When enabling signal FS is activated, a counter is continuously incremented in a counter unit 12 as a function of a counting pulse clk, which thus specifies a total time t_cumulative, during which enabling signal FS is activated. The counter value of counter unit 12 is compared in a comparator unit 13 to a counter threshold value ZSW and an output of comparator unit 13 is relayed to a debouncing unit 14. The output of comparator unit 13 thus indicates by a logical level when the enabling conditions were/are satisfied for a minimum time period indicated by counter threshold value ZSW.

Calculated efficiency change Δη_cooler is supplied to a low-pass filter 15, the filter output value of low-pass filter 15 being calculated only if enabling signal FS indicates that the enabling conditions obtain, that is, only in favorable operating conditions of internal combustion engine 2. A high filter time constant in the range of several seconds, minutes or even hours increases the robustness of the calculation such that even changes in the dynamics of temperature detector 9, e.g. by soot deposits, have only a small effect on the resulting filtered efficiency change Δη_{cooler—filtered}.

If the total period of time, during which the enabling signal is activated, has exceeded the period of time indicated by counter threshold value ZSW, then the filtered efficiency change Δη_{cooler—filtered}, which is supplied to debouncing unit 14, is applied as a debounced efficiency change Δη_{cooler—debounced} to an additional comparator unit 16. In the additional comparison unit 16, the debounced efficiency change is compared to an efficiency change threshold value WGDS and an error is determined if the efficiency change is greater than efficiency change threshold value WGDS. This establishes that the efficiency of EGR cooler 8 has changed by more than a certain amount, whereby a defect of EGR cooler 8 may be detected.

To implement an engine control system, a specification about the exhaust gas recirculation rate (EGR rate) is normally required. Since the EGR rate, however, depends heavily on the temperature of the recirculated exhaust gas, a specification about the current temperature T_EGR of the recirculated exhaust gas must be provided. The behavior of temperature detector 9, however, is slow and hence not suited for this purpose. Example embodiments of the present invention therefore provide for the temperature T_EGR of the recirculated exhaust gas to be derived from the exhaust gas temperature and the efficiency of EGR cooler 8 at a certain mass flow.

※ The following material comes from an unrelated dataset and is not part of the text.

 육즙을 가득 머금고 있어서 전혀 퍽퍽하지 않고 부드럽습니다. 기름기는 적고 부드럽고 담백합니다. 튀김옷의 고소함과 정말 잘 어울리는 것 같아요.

Since the efficiency η_cooler of EGR cooler 8 may change during the life of engine system 1, it is sensible to adapt the cooler model for modeling the temperature T_EGR of the cooled recirculated exhaust gas. Starting from a conventional cooler model 20, which ascertains a temperature specification for the temperature T_EGR—model of the recirculated cooled exhaust gas as a function of the exhaust gas temperature T₃, the cooling water temperature T_{cooling water} and the efficiency η_{cooler—intact} of intact EGR cooler 8 (a reference cooler), and ascertains as a function of the efficiency change Δη_cooler or the debounced efficiency change Δη_{cooler—debounced} ascertained in efficiency change unit 10. The temperature T_EGR of the cooled recirculated exhaust gas, which was used so far by the exhaust gas recirculation control system, may be adapted as a function of the efficiency change Δη_cooler or the debounced efficiency change Δη_{cooler—debounced}, ascertained in efficiency change calculation unit 10, as an efficiency change correction value Δη_{cooler—correction} and as a function of modeled temperature specification T_EGR—model as well as exhaust gas temperature T3 and cooling water temperature T_{cooling water}.

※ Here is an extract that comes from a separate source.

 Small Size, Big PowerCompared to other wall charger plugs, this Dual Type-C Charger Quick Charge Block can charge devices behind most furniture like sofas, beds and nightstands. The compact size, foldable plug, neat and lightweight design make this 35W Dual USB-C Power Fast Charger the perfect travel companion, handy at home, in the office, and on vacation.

In adaptation block 21, the adapted temperature T_{EGR—adapted} behind EGR cooler 8 is ascertained as a function of the ascertained efficiency change Δη_{cooler—correction} according to the following formula:
T_{EGR—adapted}=T_EGR—model+Δη*(T₃−T_{cooling water})

In adaptation unit 21, additional measures may be applied such as e.g. a maximum limitation of efficiency change Δη or the definition of a learning rate, as are sufficiently known for adaptation methods.

The adaptation method shown in FIG. 3 makes it possible to obtain a current value of recirculated cooled exhaust gas T_{EGR—adapted}, which in contrast to the temperature specification obtained from temperature detectors 9 represents a current value of the temperature of the recirculated exhaust gas. A time delay of the temperature value due to the lag of temperature detector 9 may thus be avoided such that the exhaust gas recirculation control system is able to react more quickly to temperature changes in the recirculated exhaust gas so as to set the EGR rate to the desired value.

FIG. 4 shows a schematic representation of the method according to example embodiments of the present invention for monitoring the EGR cooler. In comparison to the example embodiment of FIG. 2, enabling unit 11, counter unit 12 and first comparator unit 13 are developed identically.

An efficiency calculation unit 30 calculates an efficiency η_cooler of the cooler from the temperature specification of temperature detector T_EGR, from exhaust gas temperature T₃ and from cooling water temperature T_{cooling water} according to the following formula:

${\eta }_{\mathrm{cooler}}=\frac{T_3-T_{\mathrm{EGR}}}{T_3-T_{\mathrm{cooling}\mathrm{water}}}$

Efficiency η_cooler is supplied to a filter unit 31, which low-pass filters efficiency η_cooler. Efficiency η_cooler is provided permanently. The filtered efficiency of the cooler η_{cooler—filtered}, however, is only calculated if the enabling conditions obtain in accordance with enabling signal FS (see specific embodiment of FIG. 2). Furthermore, filter unit 31 receives the cumulative total enabling time t_cumulative as the output of counter unit 12. Total enabling time t_cumulative may then correspond to the filter time constant or be a function of it. This results in the formation of an average of the absolute efficiency. This increases the robustness of the calculation such that even changes in the dynamics of temperature detector 9, e.g. by soot deposits, or different dynamics of temperature detector 9 and the engine model for calculating exhaust gas temperature T₃ only have a small influence on the result. The filtering of efficiency η_cooler is described by the following equation:

${\eta }_{\mathrm{cooler\_filtered}}=\frac{\int {\eta }_{\mathrm{cooler}}dT}{t_{\mathrm{cumulative}}}$

Efficiency η_cooler is integrated during the total enabling time t_cumulative and is divided by cumulative total enabling time t_cumulative.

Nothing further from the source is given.